▶ **Your instructions**: The reply should contain all the data below, repeated exactly, and none of the images.

▶ **Data shown**:
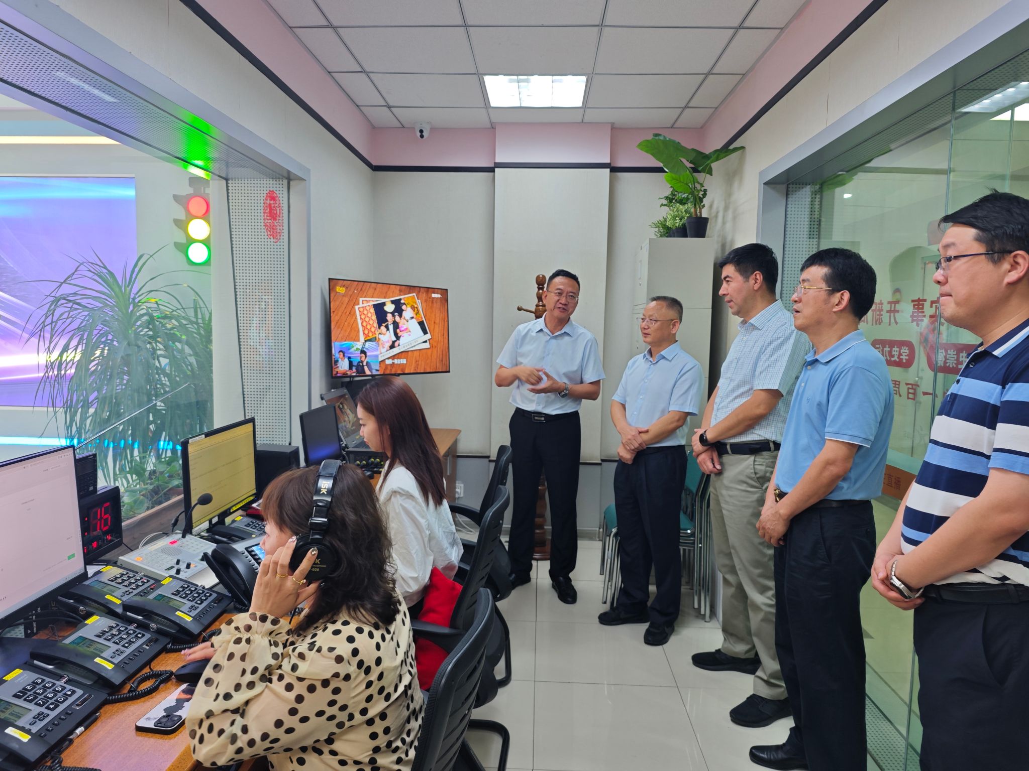 在新疆广播电视台,罗锦银亲切看望慰问2005级广播电视学专业校友张紫嫣,受到台委委员、副台长安尼瓦尔·卡地尔的热情迎接。在安尼瓦尔·卡地尔副台长和人事处处长焦晓军的陪同下,先后调研了媒体融合发展中心、949广播直播室、961广播直播室、电视新闻中心、4K新闻演播室和4K新闻制作网,双方就宣传工作机制建设、传媒人才培养、媒体融合发展等进行了深入交流。
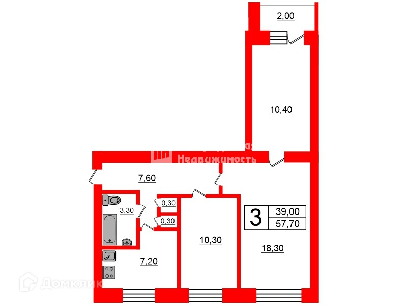 Общая площадь 57.7 м2
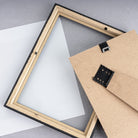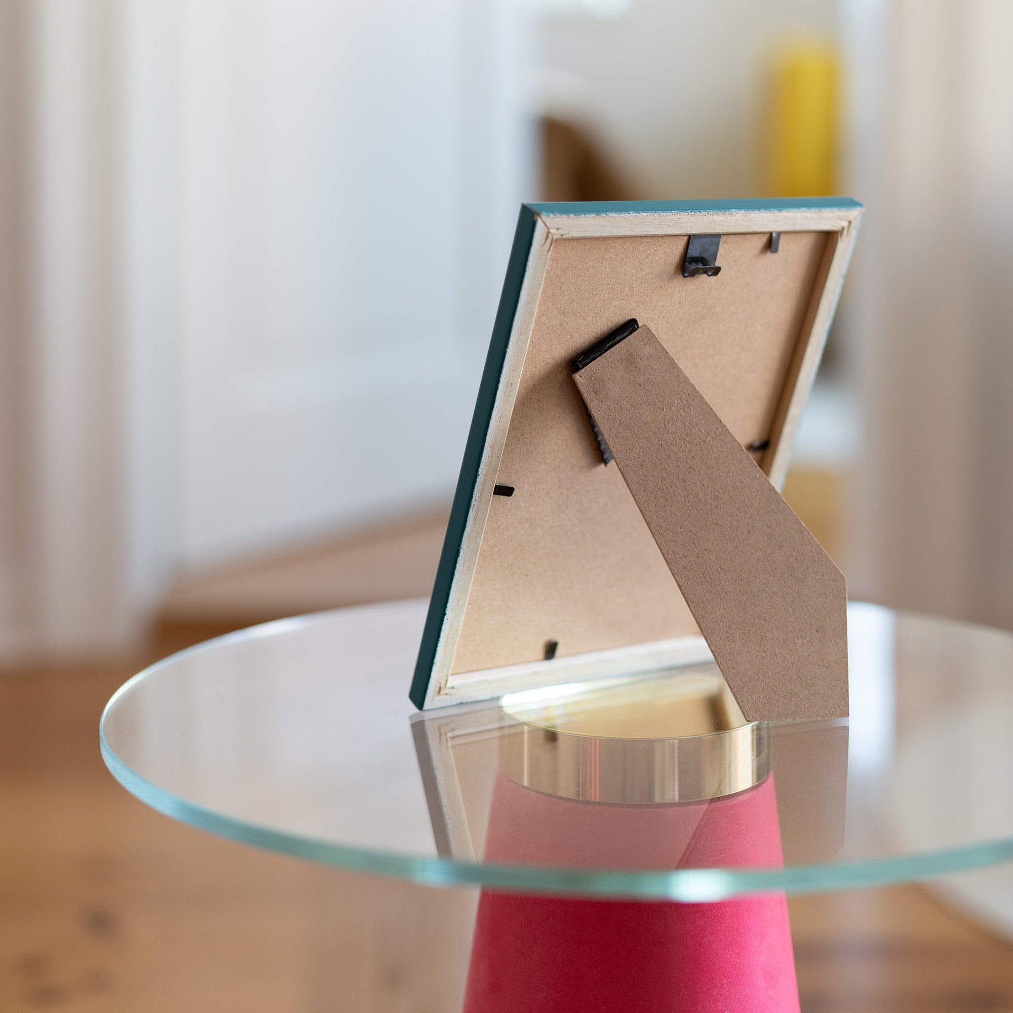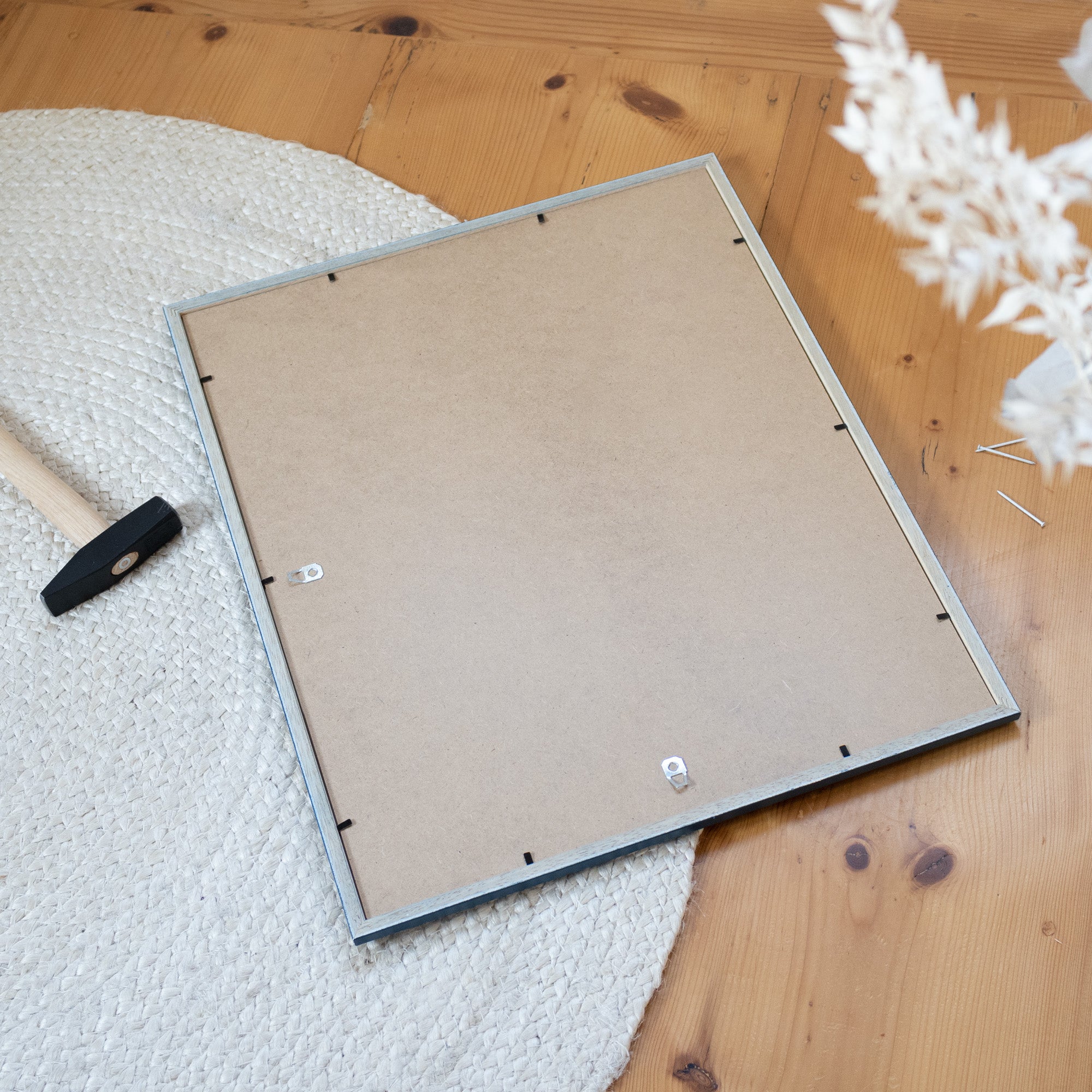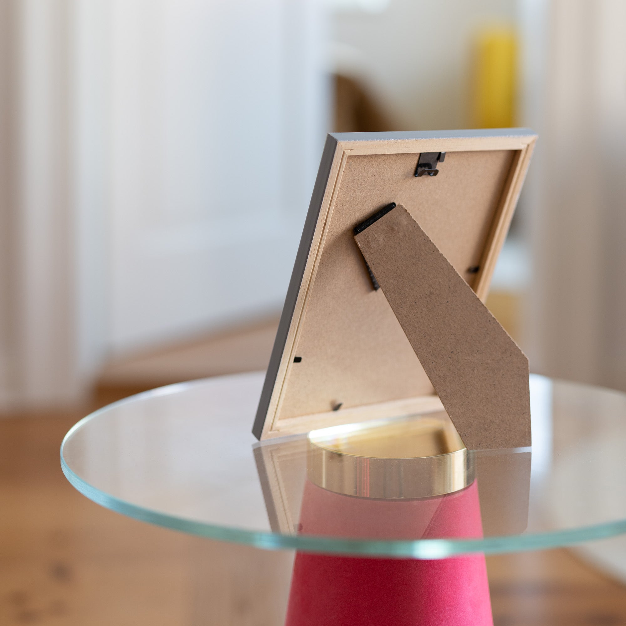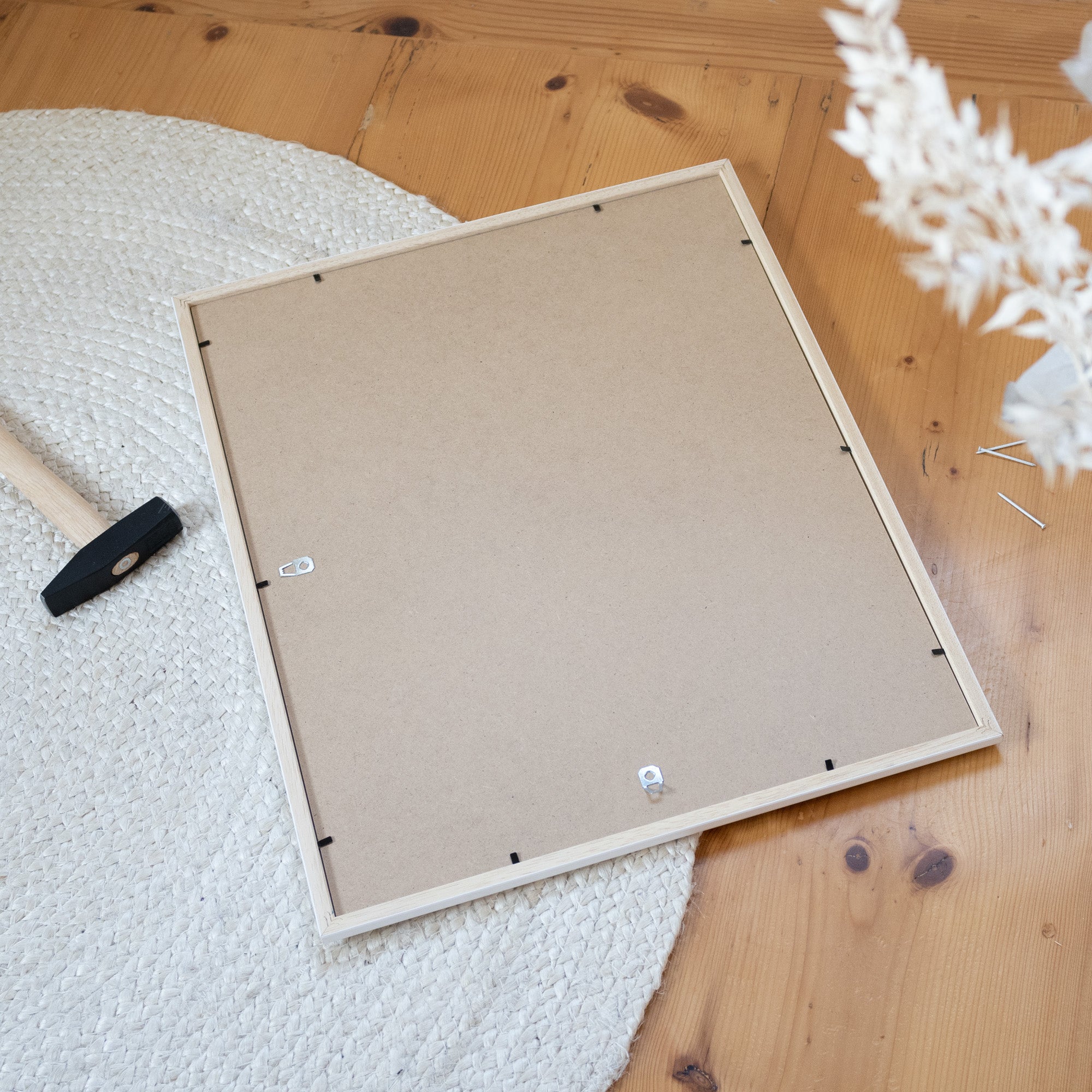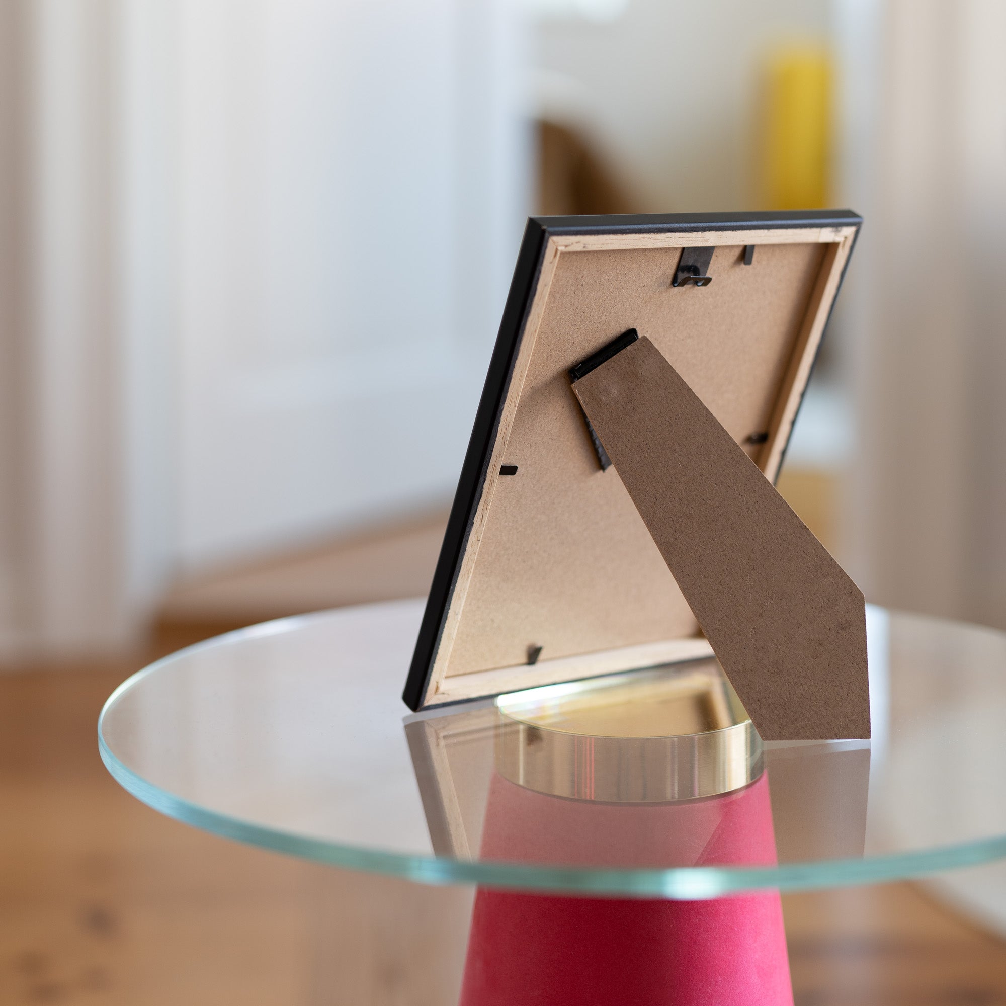 Die stabile MDF-Rückwand ist mit Metallaufhängern ausgestattet, sodass du den Bilderrahmen sowohl im Hoch- als auch im Querformat aufhängen kannst. In den Größen 10x15, 13x18 und 15x20 verfügen die Holzrahmen zusätzlich über einen praktischen Aufsteller, um sie flexibel auf Tisch, Kommode oder Regal zu platzieren.

▶ **Output**:
 在新疆广播电视台,罗锦银亲切看望慰问2005级广播电视学专业校友张紫嫣,受到台委委员、副台长安尼瓦尔·卡地尔的热情迎接。在安尼瓦尔·卡地尔副台长和人事处处长焦晓军的陪同下,先后调研了媒体融合发展中心、949广播直播室、961广播直播室、电视新闻中心、4K新闻演播室和4K新闻制作网,双方就宣传工作机制建设、传媒人才培养、媒体融合发展等进行了深入交流。
 Общая площадь 57.7 м2
 Die stabile MDF-Rückwand ist mit Metallaufhängern ausgestattet, sodass du den Bilderrahmen sowohl im Hoch- als auch im Querformat aufhängen kannst. In den Größen 10x15, 13x18 und 15x20 verfügen die Holzrahmen zusätzlich über einen praktischen Aufsteller, um sie flexibel auf Tisch, Kommode oder Regal zu platzieren.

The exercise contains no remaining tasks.